Comparing HD-PLC with other power line communication standards effectively means comparing two types of PLC networks:
- High-frequency, broadband networks that HD-PLC is a part of
- Low- and medium-frequency, narrowband networks that mostly follow older power line communication standards
In this comparison, HD-PLC emerges as a superior solution across three key characteristics:
- Speed: As stated previously, HD-PLC networks can potentially achieve a maximum data transmission rate of 240 Mbps. Of course, this number is purely theoretical, and the maximum effective HD-PLC data transmission rate depends on the number of channels within a network and the distance. Nevertheless, it’s still much higher than the average maximum rate of 200 kbps in low-speed, narrow-band PLC networks that work at kHz frequencies.
- Range: It is important to note that HD-PLC Complete has a lower range than narrow-band power line communication networks that can reach around 2 kilometers.

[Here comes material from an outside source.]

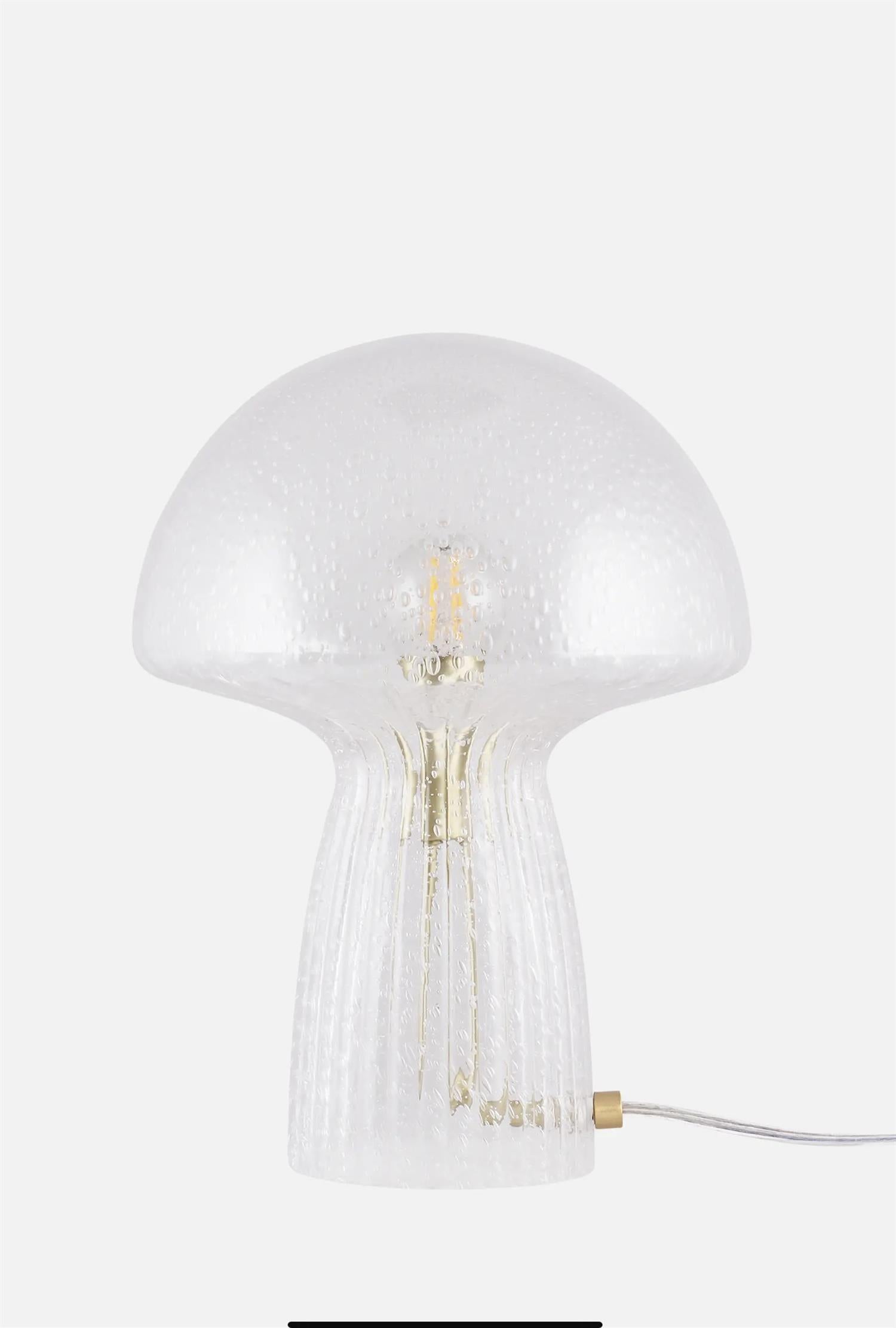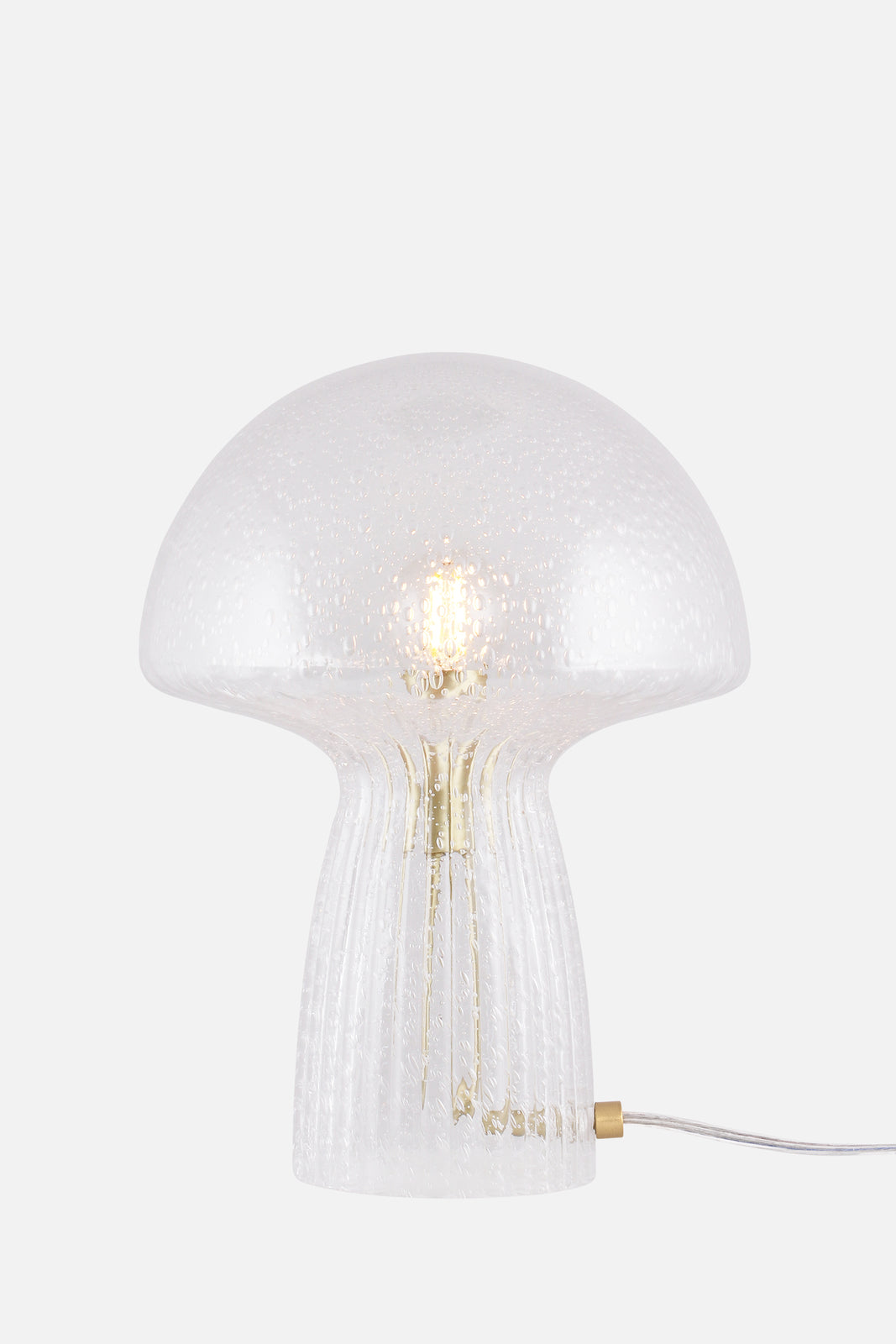 Inspirert av skogen kommer denne lille bordlampen avbildet som en sopp. Den er laget av klart glass med rifler på foten der riflene går helt opp under hatten som skivene på en agarikksopp.

However, using the aforementioned HD-PLC Multi-hop technology can help extend the network range to around 10 kilometers, which is vastly superior to both narrow-band PLC and other types of broadband PLC networking.
- Power consumption: HD-PLC equipment uses only around 2 watts.
HD-PLC — Technical Features Recap
HD-PLC is not only one of the most cost-effective and reliable networking solutions — it’s also one of the most technologically advanced ones.
The technology implements a series of innovations that help to achieve energy and data efficiency, such as:
- Wavelet-OFDM modulation that reduces interference and data loss
- Flexible channel wavelet (FCW) of physical (PHY) and media access control (MAC) levels that boost data transmission rate and network range
- Centralized Metric-Based Source Routing (CMSR) protocol, used in HD-PLC Multi-hop, that allows the building of networks that span large distances
- Lower power consumption and reduced operating costs compared to other PLC solutions
Combined with the relative simplicity of setting up and operating an HD-PLC network, these innovations make HD-PLC a prime solution for various IoT and grid network applications.